Brincidofovir, Chimerix's lead product candidate, is an investigational
oral nucleotide analog lipid-conjugate that has shown broad-spectrum
antiviral activity against double-stranded DNA (dsDNA) viruses including
CMV. Study CMX001-201, a 230-subject, randomized, placebo-controlled,
double-blind, dose-escalation study, met the primary endpoint of
reduction in CMV viremia and/or CMV disease for brincidofovir 100 mg
twice weekly versus placebo (p=0.002). Based on these positive Phase 2
results, Chimerix recently initiated the Phase 3 SUPPRESS trial of
brincidofovir 100 mg twice weekly for the prevention of CMV infection in
HCT recipients.
"Although prevention of CMV infection has been recognized as a superior
approach to decrease CMV-related morbidity and mortality in the months
following hematopoietic cell transplantation, the side effects of
available antivirals have precluded their approval and use in this
setting," said M. Michelle Berrey, MD, MPH, Chief Medical Officer of
Chimerix. "The significant decrease in CMV events and lack of
hematologic and renal toxicity shown in Study CMX001-201 provided the
supportive data to allow us to progress brincidofovir into the Phase 3
SUPPRESS trial."
CMX001-201 Study Results
The primary endpoint for Study CMX001-201 was the incidence of CMV
disease at any time during therapy or a CMV polymerase chain reaction
(PCR) assay result of greater than 200 copies/mL (the lower limit of
quantification of the assay) at the time of the last dose of study drug.
All brincidofovir doses and dose regimens demonstrated antiviral
activity when compared to placebo, with the exception of the lowest
dose, 40 mg once weekly.

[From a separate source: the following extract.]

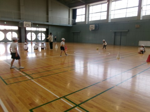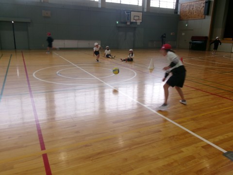 「ころがしバレーボール」です。転がしたボールを腕で打って相手の陣地に返します。なかなか白熱していました!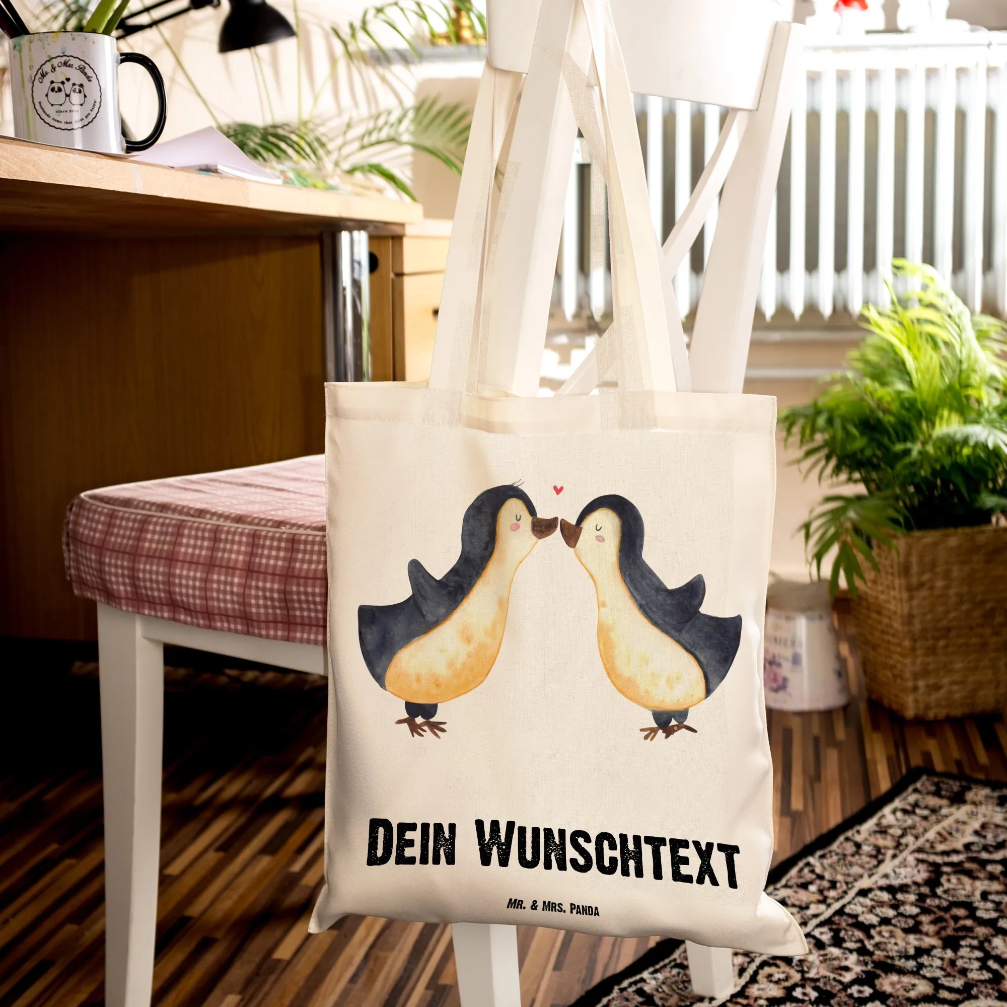 Mit der personalisierten Tragetasche von Mr. & Mrs. Panda liegst du immer richtig! Gönn dir ein Stück Liebe und Freude im Alltag mit unserer einmaligen Tragetasche im Pinguine Kuss Design – perfekt für alle, die ihre Gefühle mit einem besonderen Geschenk zeigen möchten.

The proportion of subjects who developed CMV
disease or a CMV PCR positive result at the end of the 100 mg twice
weekly dosing period was 10% (five of 50) versus 37% (22 of 59) in the
placebo-treated group (p=0.002).
In a pre-specified subgroup of subjects who were CMV PCR negative at
baseline (the subject population being enrolled in SUPPRESS), zero of 41
subjects in the brincidofovir 100 mg twice weekly group developed CMV
PCR of ≥ 1,000 copies/mL during the dosing period, compared to 15 of 47
subjects (32%) in the placebo group (p < 0.001). The twice weekly dosing
regimen was more effective than the same total dose given once weekly,
leading to the selection of the 100 mg twice weekly dosing regimen for
further development in SUPPRESS.
In subjects who received brincidofovir, there was no evidence of kidney
or bone marrow toxicity, both associated with available anti-CMV
therapies. Diarrhea was the most frequent adverse event in the Phase 2
study and was addressed with a safety management algorithm in the final
cohort, which reduced the number of discontinuations due to diarrhea and
allowed a majority of subjects to complete the intended course of
therapy. The safety management algorithm has been incorporated in
subsequent brincidofovir studies including the ongoing SUPPRESS trial.
CMX001-201 Study Design
Study CMX001-201 was a randomized, double-blind, placebo-controlled,
dose-escalation multi-center Phase 2 trial evaluating the safety,
tolerability and efficacy of CMX001 to prevent or control CMV disease in
230 allogeneic HCT recipients at high risk of CMV infection. Following
engraftment, or evidence of successful production of new blood cells by
the new bone marrow, subjects were randomized into five sequential,
dose-escalating cohorts to receive either brincidofovir or placebo, at
doses ranging from 40 mg once weekly to 200 mg twice weekly. Subjects
were treated for nine to 11 weeks through post-transplant Week 13, after
which subjects were followed for an additional four to eight weeks.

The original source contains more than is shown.